Repeat only the lines below that run from the line with "We construct a" to the line with "ドレス ハイネック ノースリーブ", ends included; skip every picture.

DATA IN THIS EXERCISE:
━━━━━━━━━━━━━━━━━━━━━━━━━━━━━━

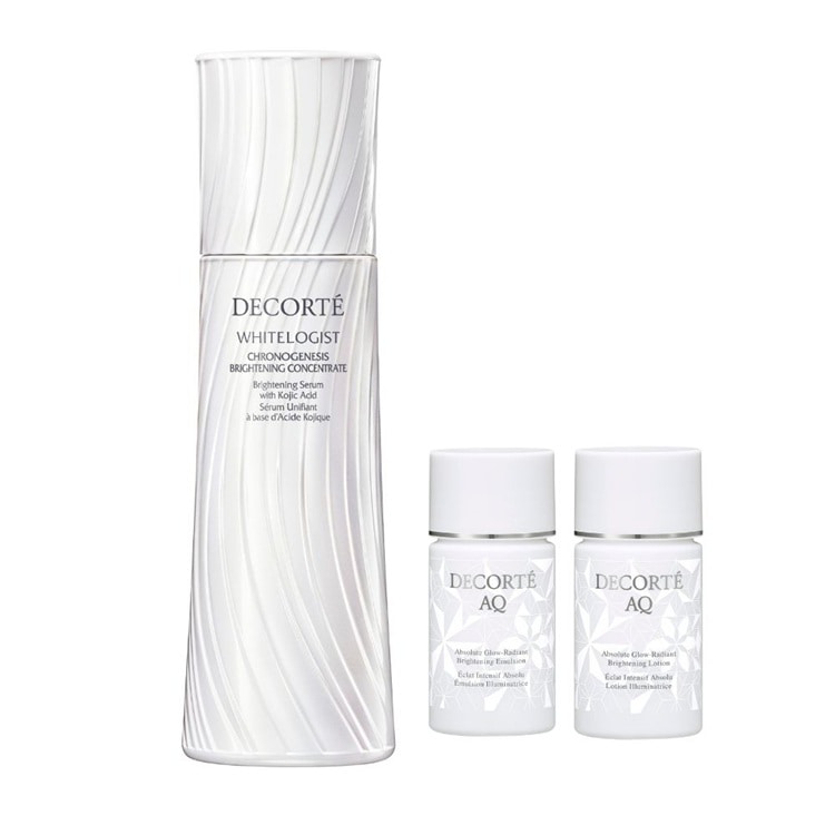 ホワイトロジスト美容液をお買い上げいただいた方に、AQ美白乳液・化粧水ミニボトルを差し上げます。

━━━━━━━━━━━━━━━━━━━━━━━━━━━━━━

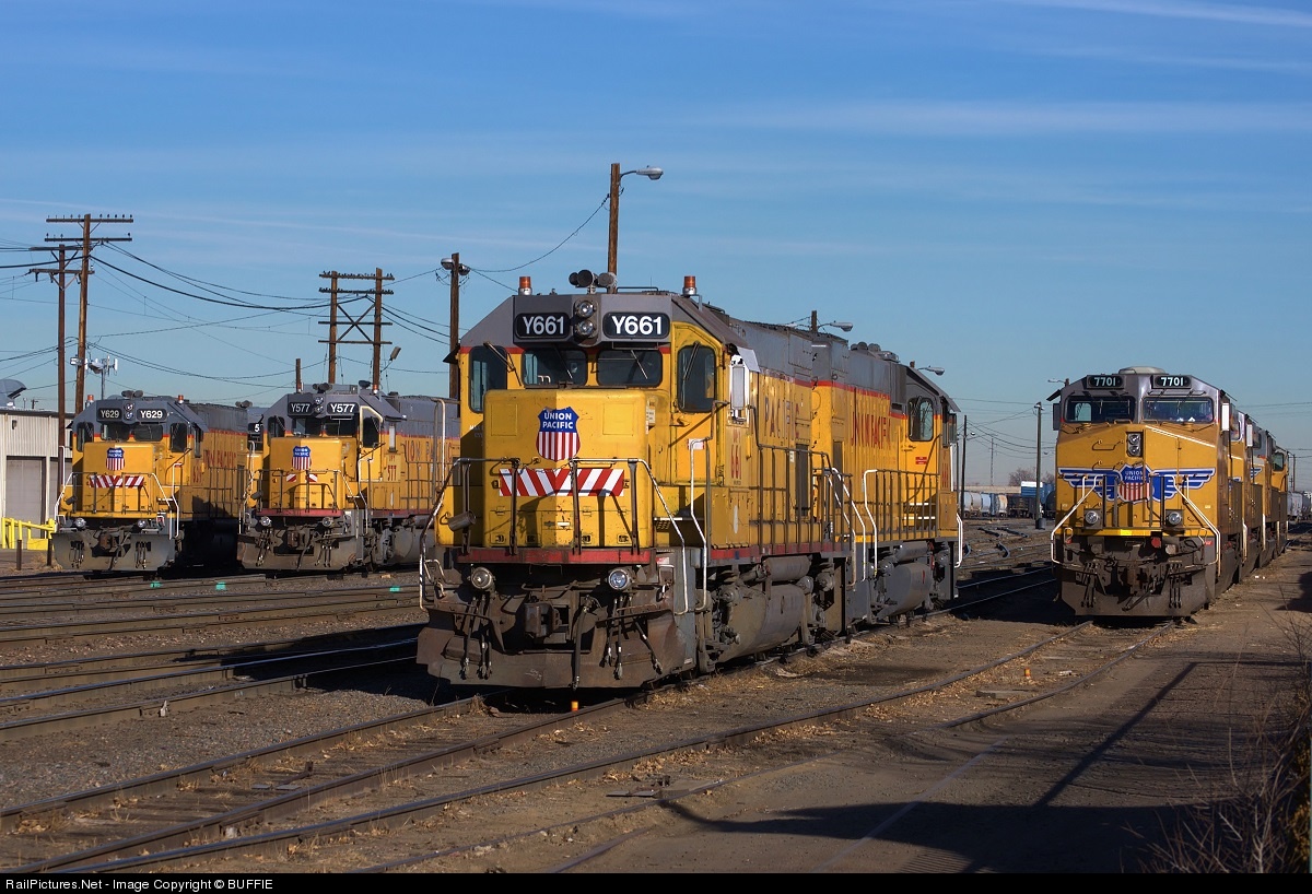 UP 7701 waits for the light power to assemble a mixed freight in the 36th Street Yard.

━━━━━━━━━━━━━━━━━━━━━━━━━━━━━━

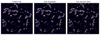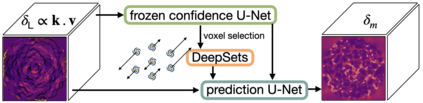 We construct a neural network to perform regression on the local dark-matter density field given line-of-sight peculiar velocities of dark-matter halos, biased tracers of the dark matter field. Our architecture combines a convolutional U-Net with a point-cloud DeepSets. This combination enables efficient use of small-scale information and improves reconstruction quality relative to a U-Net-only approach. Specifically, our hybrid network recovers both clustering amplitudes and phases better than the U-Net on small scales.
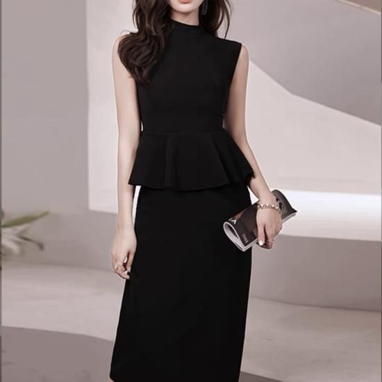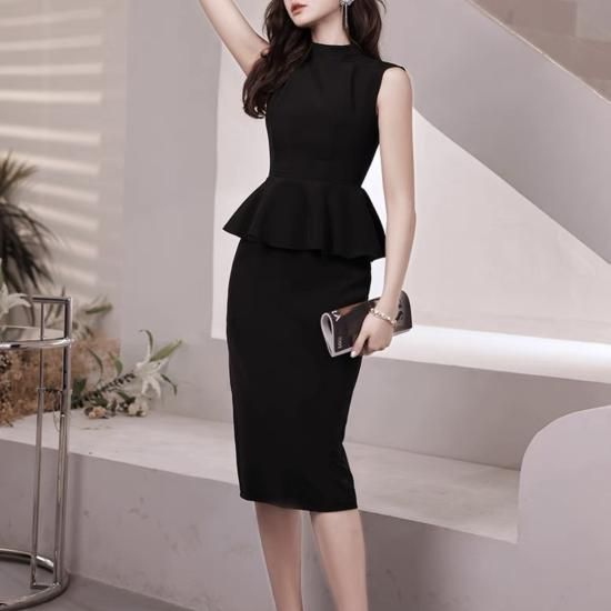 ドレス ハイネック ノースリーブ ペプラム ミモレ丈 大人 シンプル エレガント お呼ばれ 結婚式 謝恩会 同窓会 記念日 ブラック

━━━━━━━━━━━━━━━━━━━━━━━━━━━━━━

EXERCISE SOLUTION:
 We construct a neural network to perform regression on the local dark-matter density field given line-of-sight peculiar velocities of dark-matter halos, biased tracers of the dark matter field. Our architecture combines a convolutional U-Net with a point-cloud DeepSets. This combination enables efficient use of small-scale information and improves reconstruction quality relative to a U-Net-only approach. Specifically, our hybrid network recovers both clustering amplitudes and phases better than the U-Net on small scales.
 ドレス ハイネック ノースリーブ ペプラム ミモレ丈 大人 シンプル エレガント お呼ばれ 結婚式 謝恩会 同窓会 記念日 ブラック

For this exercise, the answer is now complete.